Walter Wadsworth

Personal information
- Date of birth: 7 October 1890
- Place of birth: Bootle, England
- Date of death: 12 October 1951 (aged 61)

= Walter Wadsworth =

English footballer

Walter Wadsworth (7 October 1890 – 12 October 1951) was a footballer who played for Liverpool in the early part of the 20th century.

==Life and playing career==
Born in Bootle, Liverpool, Merseyside, England, local lad Wadsworth played for Lingdale and Ormskirk before being signed, as an amateur, by Liverpool manager Tom Watson, on 23 April 1912, he was to make his debut on 20 March 1915 in a First Division fixture at Ayresome Park against Middlesbrough, the game ended badly for the Reds as they slumped to a heavy 3–0 defeat. He didn't manage to score his first Liverpool goal until 28 August 1920, this was mainly due to the First World War, it came in a match at Anfield against Man City, more happily for Wadsworth, Liverpool won the match 4–2.

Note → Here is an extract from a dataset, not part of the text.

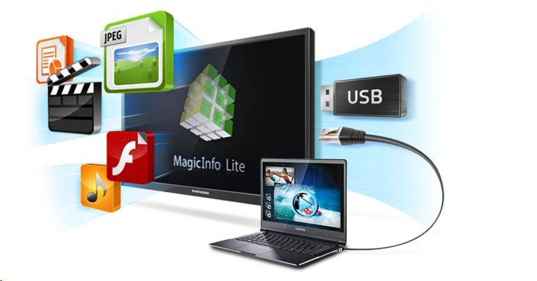 MagicInfo Lite je sofistikovaná technológia, ktorá umožňuje lokálnu alebo vzdialenú správu multimediálneho obsahu, ako sú videá alebo obrázky, ktoré môžete podľa potreby rôzne kombinovať a plánovať ich zobrazenie v požadovanom čase. Toto riešenie umožňuje používať veľkoformátový displej ako samostatnú jednotku bez nutnosti použitia externého prehrávača. Obsah je možné prehrávať z interného pamäťového zariadenia monitora, externého USB alebo vzdialene prostredníctvom vzdialeného servera.

Although the Great War interrupted Wadsworth's career, the uncompromising centre-half did play for Liverpool during this spell in the Lancashire tournament that was set up along with the other 3 regional tournaments. Upon returning to Liverpool after the conclusion of the war, Walter had a strong season playing in 33 of Liverpool's league fixtures, he was joined during this spell by his brother Harold, unfortunately, Harold never had the same impact on the club that Walter had and only made just over 50 sporadic appearances in five years.

Walter was a major player in the back-to-back championship winning seasons, missing just 10 of the 84 leagues games available. He remained a stalwart of the side for the next two campaigns but towards the end of the 1924–25 season, David Pratt replaced him in the starting line-up. He would subsequently make only four appearances during the following season which turned out to be his last as he was allowed to leave for Bristol City on 14 May 1926.

Before finally retiring Wadsworth went on to represent Flint Town, New Brighton and Oswestry Town.

==Career details==

- Liverpool F.C (1912–1926)† 241 appearances, 8 goals - Two First Division Championships winners medals (1922 and 1923)
†Wadsworth career was interrupted for 4 years due to the 1914/18 war.